The dormant-season rule matters more than the exact interval: skip feeding entirely when low's cymbidium is resting. For the wider context on indoor feeding rhythms across the seasons, the houseplant fertiliser schedule walks through the year month by month.

What strength to mix for low's cymbidium

Half strength is the safe default for low's cymbidium — houseplant feeds are formulated strong, and the diluted dose is gentler on the roots while still ample for foliage.

Feeding always goes onto already-damp soil, never dry roots — water low's cymbidium first if the soil is dry, then apply the diluted feed. The companion question is when to water at all, covered in the low's cymbidium watering schedule.

Signs you are over-feeding low's cymbidium

Over-feeding is far more common — and more damaging — than under-feeding for most plants. The classic tells for low's cymbidium:

Signs you are under-feeding low's cymbidium

If the symptoms point at watering, light or roots rather than nutrition, the full low's cymbidium care brief covers soil, humidity and the common problems for this species.

Flushing and leaching the salts

Flush the pot of low's cymbidium with plain water until it runs freely from the base every couple of months in the feeding season — it washes out the fertiliser salts that cause brown tips.

Organic vs synthetic feeds for low's cymbidium

Organic options

A diluted seaweed or worm-casting feed, or fish emulsion if you can tolerate the smell indoors. UK: Westland or Baby Bio Organic, dilute seaweed; US: Espoma Indoor! or Neptune's Harvest fish & seaweed. Slow, gentle and hard to overdo.

Synthetic / liquid feeds

A general-purpose houseplant liquid at half strength — UK: Baby Bio, Westland Houseplant Feed or Phostrogen; US: Miracle-Gro Indoor Plant Food or Schultz. Convenient and fast-acting; the only risk is overdoing it.

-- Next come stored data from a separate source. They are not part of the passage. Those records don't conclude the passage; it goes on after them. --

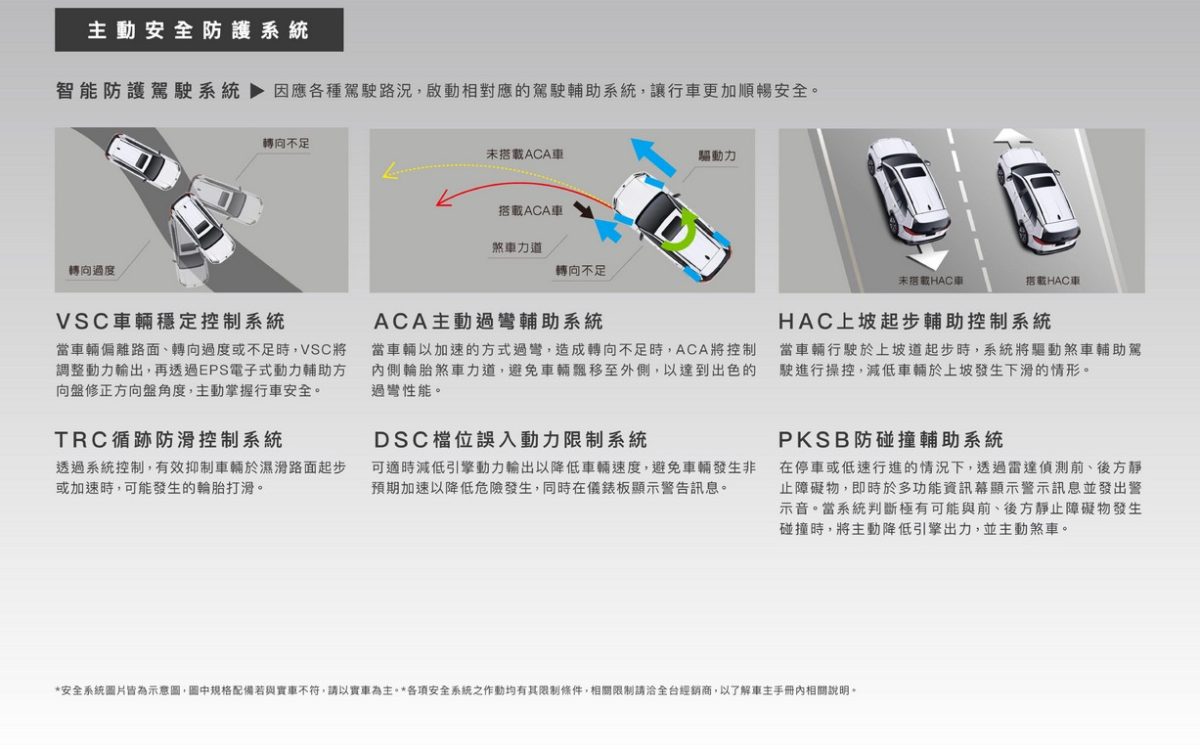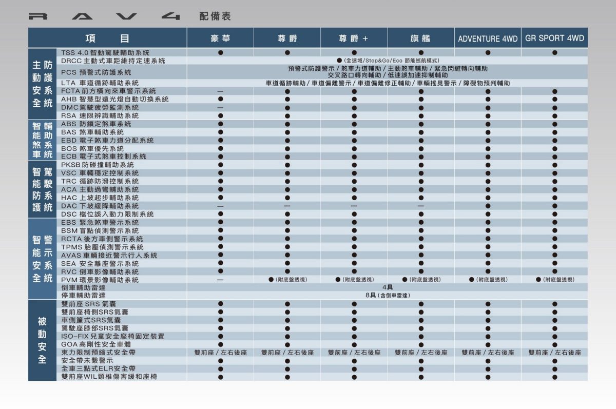 ▲在主/被動安全配備方面,第六代RAV4全車系標配TSS 4.0智動駕駛輔助系統,包含DRCC主動式車距維持定速系統、PCS預警式防護系統(經性能提升)、LTA車道循跡輔助系統(經性能提升)、AHB智慧型遠光燈自動切換系統、RSA速限辨識輔助系統、BAS煞車輔助系統、BOS煞車優先系統、VSC車輛穩定控制系統、ACA主動過彎輔助系統、DSC檔位誤入動力限制系統、7具SRS安全輔助氣囊、ISO-FIX兒童安全座椅固定裝置等許多安全配備外,還新增了RCTA後方車側警示系統、PKSB防碰撞輔助系統。而在尊爵版以上更新增了15km/h以下會偵測左右側來車和提醒的FCTA前方橫向來車警示系統,會偵測駕駛臉部位置方向以及眼睛開與閉並進行提醒的DMC駕駛疲勞監測系統統。除此之外,TSS 4.0的前鏡頭也提升了更遠的偵測距離,前方雷達水平視野角度擴大1.5倍,偵測距離提升1.7倍,能夠函蓋更寛更遠的偵測距離。還有經強化附底盤透視的PVM 環景影像輔助系統。
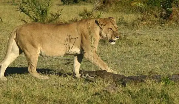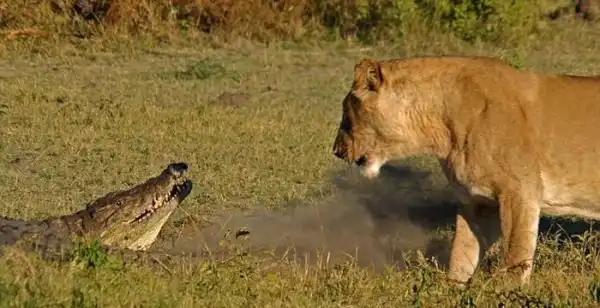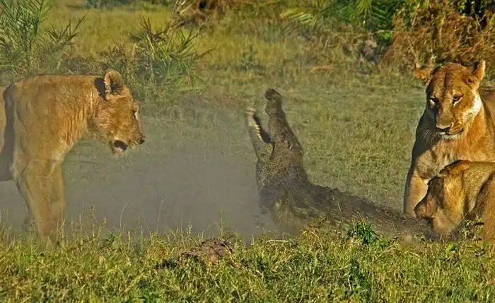 Борьба крокодила с тремя львицами
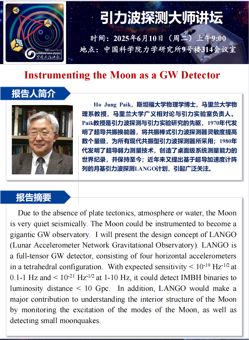 (NML引力波探测大师讲堂 2025年6月10日9:00 9号楼314会议室)Instrumenting the Moon as a GW Detector
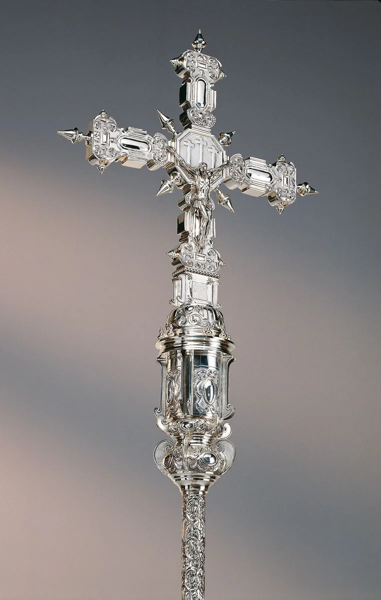 Processional Cross in brass fusion silver plated. It is possible to make this Processional Cross in 925 sterling silver, contact us.
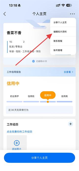 3、在个人主页页面右上角,点击三点图标展开菜单,选择编辑名片资料选项进入编辑页面。
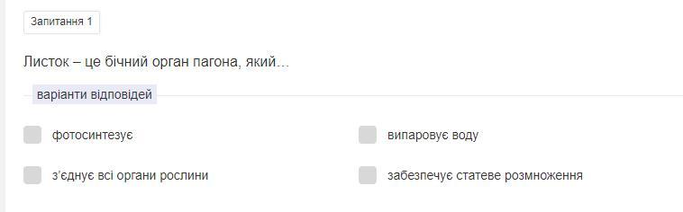 Листок - це бічний орган пагона. Основними функціями є фотосинтез, транспірація, газообмін. Фотосинтез - процес, під час якого утворюються органічні речовини із неорганічних (з участю енергії світла). Транспірація - випаровування води. Газообмін - надходження і виділення вуглекислого газу і кисню під час фотосинтезу і дихання
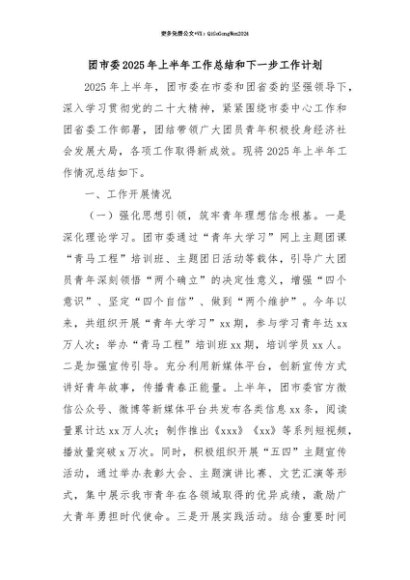 【七哥公文】2025年:【七哥公文】团市委2025年上半年工作总结和下一步工作计划+更多免费公文+VX:QiGeGongWen2024+更多免费公文+VX:QiGeGongWen2024
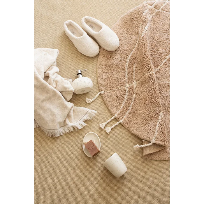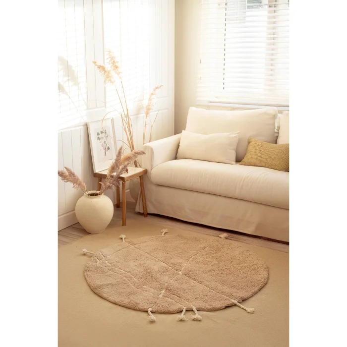 Handmade, Each One Special for You: Each flat mat is carefully prepared by hand; Although produced by the same methods, each has its own character with slight differences; That's why each mat offers a unique touch that's unique to you; Unique Tassel Detail: Handmade tassels on the edges of the mat add movement and elegance to the design.; Each tassel adds a characteristic touch to the mat, making it out of the ordinary and giving your bathroom a natural aesthetic; 100% Pure Cotton: Made with 100% cotton yarns, one of the purest materials from nature; It offers long-lasting use with its natural softness and solid structure.; It creates both comfort and a feeling of naturalness in your bathroom.; Natural Absorbency: Cotton structure absorbs water quickly, dries in a short time; Thanks to its breathable texture, it prevents the accumulation of wetness and gives your bathroom a hygienic and dry floor; Natural Softness with Every Step: The softness of cotton, which comes from nature, offers a comfortable contact with your feet with every step.; It is ideal for those who want to start the day with peace or wrap up the day with a soft touch.

Brand names are examples, not endorsements, and UK and US ranges differ — check the label’s own NPK and dilution rate, since formulations change.

Fertilising low's cymbidium — frequently asked questions

What fertiliser does low's cymbidium need?

A balanced general houseplant feed (roughly even N-P-K) is exactly right — it is grown for foliage, so steady, moderate nitrogen for healthy leaves is the goal, not a bloom or root formula. Low's Cymbidium is an easy, light foliage feeder — a half-strength balanced liquid feed through the growing months keeps it green without forcing weak, sappy growth.

How often should I feed low's cymbidium?

Apply a balanced orchid fertiliser (e.g., 20-20-20) at quarter-strength every watering during active growth (spring–summer). Switch to a high-potassium, low-nitrogen feed (e.g., 6-30-30) from late summer through autumn to harden pseudobulbs and promote flowering. Apply a balanced orchid fertiliser (e.g., 20-20-20) at quarter-strength every watering during active growth (spring–summer). Switch to a high-potassium, low-nitrogen feed (e.g., 6-30-30) from late summer through autumn to harden pseudobulbs and promote flowering. Treat that as sparingly through the growing season between spring through early autumn (roughly March to September); ease off in autumn and stop entirely in the low light of winter.

What strength of feed for low's cymbidium?

Half strength is the safe default for low's cymbidium — houseplant feeds are formulated strong, and the diluted dose is gentler on the roots while still ample for foliage.

What does over-feeding low's cymbidium look like?

Brown, crispy leaf tips and edges with no sign of underwatering. A white, crusty salt deposit on the soil surface or pot rim. Weak, pale, stretched new growth that flops. Lower leaves yellow and drop while the soil is correctly watered. Feeding low's cymbidium year-round on a fixed schedule, including dark winter months, is the most common mistake — it cannot use the nutrients in low light and the surplus simply burns the roots and crusts the soil.

Should I flush the soil of low's cymbidium?

Flush the pot of low's cymbidium with plain water until it runs freely from the base every couple of months in the feeding season — it washes out the fertiliser salts that cause brown tips.